Top positive review
5.0 out of 5 starsUp-to-date and well-written history
Reviewed in the United States on January 21, 2012
This is the most recent biography of William and Mary and the author, John Van der Kiste, uses the most up-to-date research. The book is well done. It is not only historically precise but highly readable with all historical allusions to people and events explained clearly. The alternation between the lives of these two people, a challenge for a biographer, flows smoothly. While the invasion of William has been called the "Glorious Revolution" since 1689, it was frequently not so very glorious to either William III or Mary II. Van der Kiste does a fine job of showing the many personal and political difficulties that they went through. Mary had a terrible conflict throughout her life between loyalty to her husband and to her father, the exiled James II. She was often lonely and a rift developed with her sister Anne that never healed. She always chose her husband over her father but her letters show a deep personal struggle. Her intelligence and graciousness were central to making the revolution ultimately acceptable to the English people. William was greeted joyously by the people but, as so often happened, the honeymoon with Parliament and popular opinion did not last long. Throughout his reign William consistently gave in to Parliament's demands. One reason was an understanding that was there from the beginning of his reign; another was that many of his interests (and deep personal roots and loves) were in the United Provinces and his beloved Orange and he had an abiding desire to protect his homeland from Louis XIV; and, in the last third of his reign, a third reason was just weariness of mind and health. For all the reasons Van der Kiste so well explains, the result was a different kind of England after William than before.
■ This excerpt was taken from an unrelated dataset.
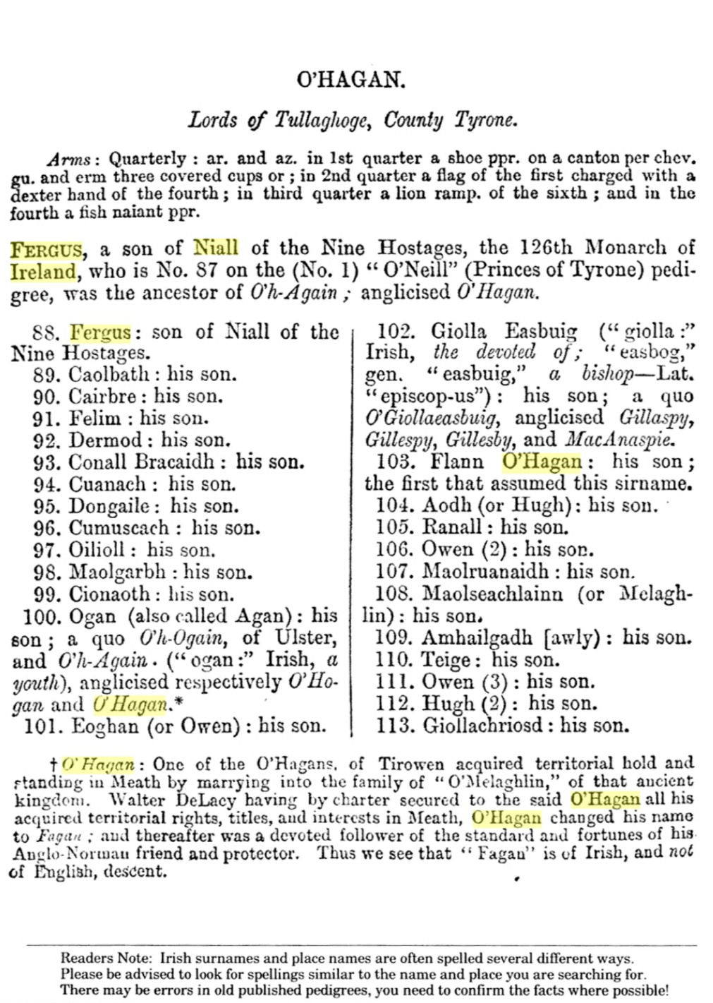 Fergus > Eogan mac Neill > Fergus > Caolbath > Caibre > Felim > Dermod > Conall Bracaidh > Cuanach > Dongaile > Cumuscach > Oilioll > Maolgarbh (splits here to O'Cuinn/O'Quinn sept) > Cionaoth > Ogan, also called Agan, son O'h-Ogain anglicised to O'Hogan and son O'h Again, Ó hAodhagáin, anglicised to O'Hagan.

The reign of William and Mary is the beginning of true Parliamentary leadership in England and the book is excellent in tracing that development through the lives of these two rulers. Both in England and America, events during the reign of William and Mary lie at the heart of our political processes .
This is an important book about a critical period in English history. The author does a fluent and historically accurate job of explaining both the personal and political issues at stake. It is a book that does both William and Mary justice.